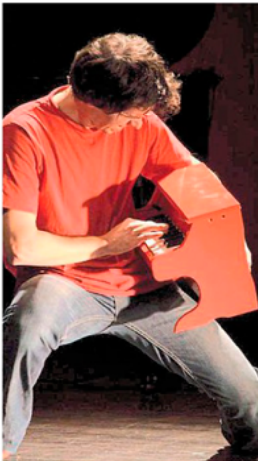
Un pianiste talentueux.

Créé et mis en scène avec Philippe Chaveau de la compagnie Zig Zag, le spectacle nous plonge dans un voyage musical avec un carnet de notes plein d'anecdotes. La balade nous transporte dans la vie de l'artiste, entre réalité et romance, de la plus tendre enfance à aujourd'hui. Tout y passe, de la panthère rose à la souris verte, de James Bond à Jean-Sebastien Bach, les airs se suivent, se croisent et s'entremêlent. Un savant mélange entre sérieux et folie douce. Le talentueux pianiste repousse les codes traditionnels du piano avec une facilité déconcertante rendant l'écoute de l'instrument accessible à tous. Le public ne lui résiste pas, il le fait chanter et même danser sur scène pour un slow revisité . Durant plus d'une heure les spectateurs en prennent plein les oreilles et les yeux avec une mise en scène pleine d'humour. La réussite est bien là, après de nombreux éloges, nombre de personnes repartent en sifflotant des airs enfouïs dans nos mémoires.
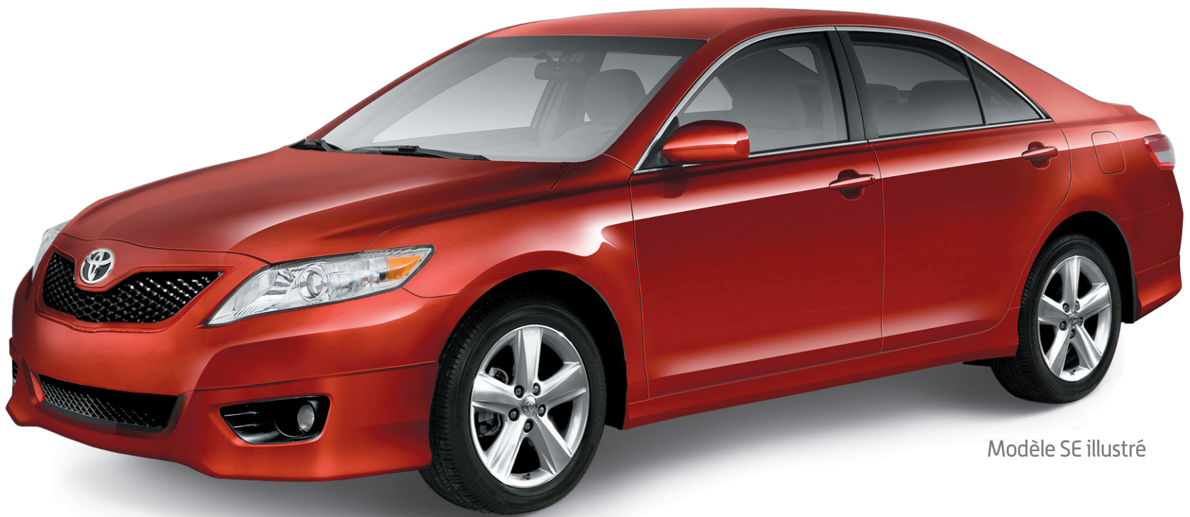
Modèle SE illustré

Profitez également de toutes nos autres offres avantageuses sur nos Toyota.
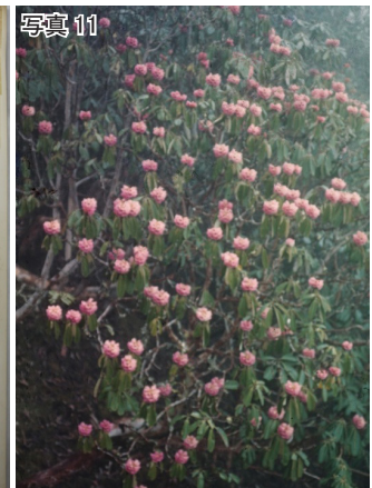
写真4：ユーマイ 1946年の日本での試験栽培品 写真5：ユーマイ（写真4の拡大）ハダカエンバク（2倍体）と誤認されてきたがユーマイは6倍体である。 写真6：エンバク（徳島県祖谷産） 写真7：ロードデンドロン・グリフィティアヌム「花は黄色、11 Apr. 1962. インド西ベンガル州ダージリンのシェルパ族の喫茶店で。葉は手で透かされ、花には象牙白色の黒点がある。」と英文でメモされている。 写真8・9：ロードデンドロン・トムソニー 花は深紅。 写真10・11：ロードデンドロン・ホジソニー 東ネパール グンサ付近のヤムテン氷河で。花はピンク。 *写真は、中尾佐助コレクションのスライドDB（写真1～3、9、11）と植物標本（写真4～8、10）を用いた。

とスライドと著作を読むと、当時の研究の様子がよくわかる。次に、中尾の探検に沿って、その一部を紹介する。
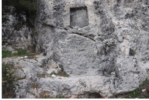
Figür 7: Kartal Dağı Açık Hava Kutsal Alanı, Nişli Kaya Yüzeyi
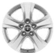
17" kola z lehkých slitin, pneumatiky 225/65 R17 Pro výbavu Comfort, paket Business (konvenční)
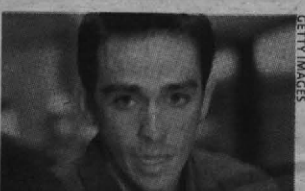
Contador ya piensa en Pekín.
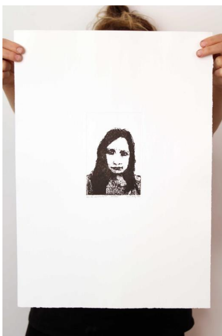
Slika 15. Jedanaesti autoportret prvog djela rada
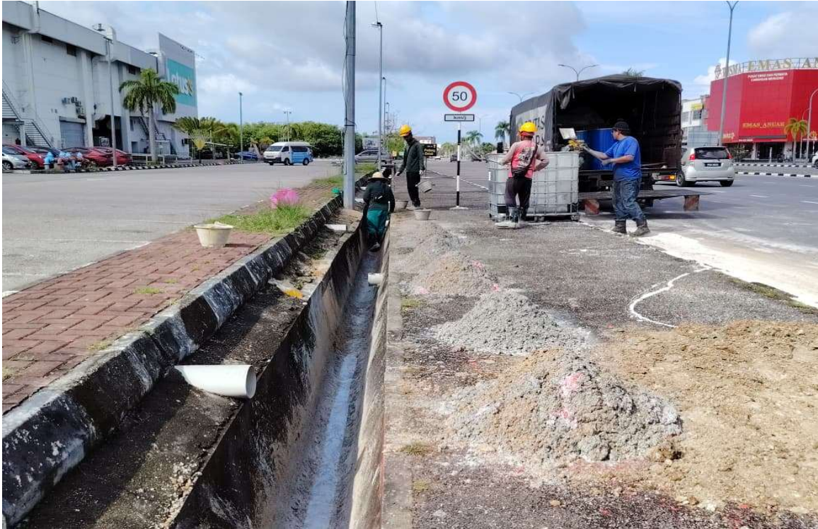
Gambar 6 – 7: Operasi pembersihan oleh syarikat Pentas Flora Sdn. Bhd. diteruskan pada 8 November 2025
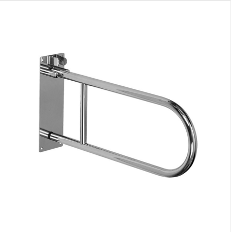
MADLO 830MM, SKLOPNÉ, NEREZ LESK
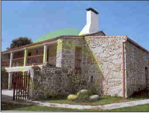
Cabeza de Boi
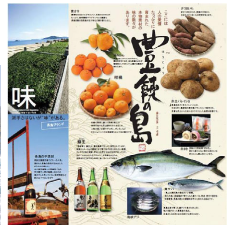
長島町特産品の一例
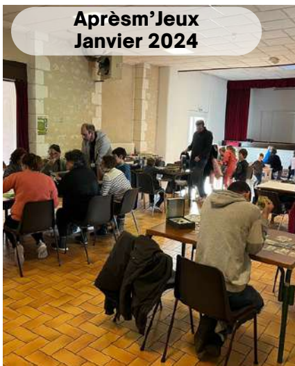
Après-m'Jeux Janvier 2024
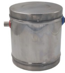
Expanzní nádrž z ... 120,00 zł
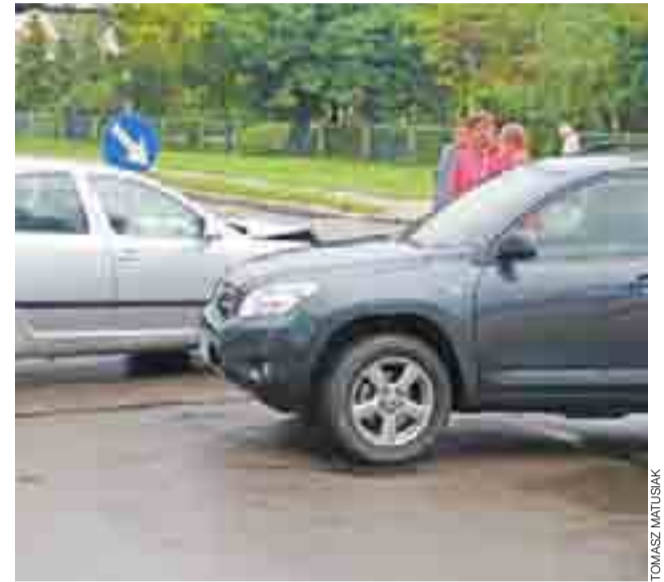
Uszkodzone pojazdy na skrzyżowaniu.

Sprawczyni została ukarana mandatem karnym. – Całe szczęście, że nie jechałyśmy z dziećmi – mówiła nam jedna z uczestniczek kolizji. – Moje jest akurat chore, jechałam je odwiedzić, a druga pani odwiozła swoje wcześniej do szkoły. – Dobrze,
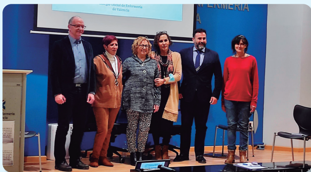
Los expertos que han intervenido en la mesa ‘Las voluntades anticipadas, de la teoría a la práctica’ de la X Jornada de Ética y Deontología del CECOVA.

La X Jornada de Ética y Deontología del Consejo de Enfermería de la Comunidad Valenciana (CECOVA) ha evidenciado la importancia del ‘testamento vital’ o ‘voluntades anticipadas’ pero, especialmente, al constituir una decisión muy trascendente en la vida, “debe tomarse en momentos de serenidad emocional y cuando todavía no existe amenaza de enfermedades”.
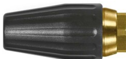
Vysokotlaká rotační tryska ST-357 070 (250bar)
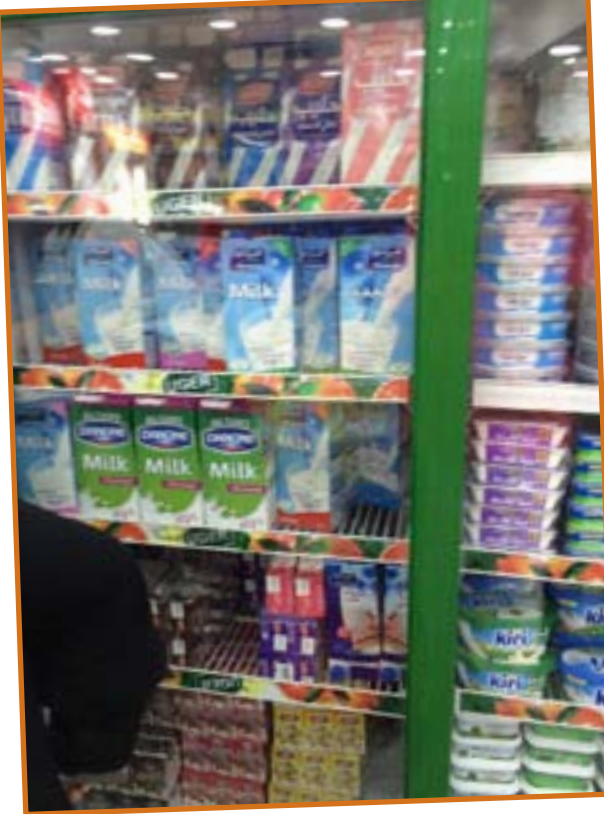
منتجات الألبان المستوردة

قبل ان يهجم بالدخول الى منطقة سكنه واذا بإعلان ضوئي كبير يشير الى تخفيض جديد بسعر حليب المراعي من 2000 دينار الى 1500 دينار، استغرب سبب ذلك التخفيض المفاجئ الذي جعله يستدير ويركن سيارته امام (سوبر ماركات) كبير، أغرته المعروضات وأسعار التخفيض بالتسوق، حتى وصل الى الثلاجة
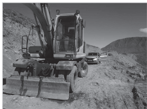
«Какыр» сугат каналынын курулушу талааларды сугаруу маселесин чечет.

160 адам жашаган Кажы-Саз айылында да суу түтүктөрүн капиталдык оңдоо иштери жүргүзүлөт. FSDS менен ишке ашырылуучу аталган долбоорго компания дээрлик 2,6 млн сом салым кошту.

▶ What you have to do
Only one stretch of the listing above is to be duplicated: the lines from the one containing "Contador ya piensa en Pekín." through the one containing "Sprawczyni została ukarana", both included. Copy them exactly, minus the pictures.

▶ Response below
Contador ya piensa en Pekín.
Slika 15. Jedanaesti autoportret prvog djela rada
Gambar 6 – 7: Operasi pembersihan oleh syarikat Pentas Flora Sdn. Bhd. diteruskan pada 8 November 2025
MADLO 830MM, SKLOPNÉ, NEREZ LESK
Cabeza de Boi
長島町特産品の一例
Après-m'Jeux Janvier 2024
Expanzní nádrž z ... 120,00 zł
Uszkodzone pojazdy na skrzyżowaniu.

Sprawczyni została ukarana mandatem karnym. – Całe szczęście, że nie jechałyśmy z dziećmi – mówiła nam jedna z uczestniczek kolizji. – Moje jest akurat chore, jechałam je odwiedzić, a druga pani odwiozła swoje wcześniej do szkoły. – Dobrze,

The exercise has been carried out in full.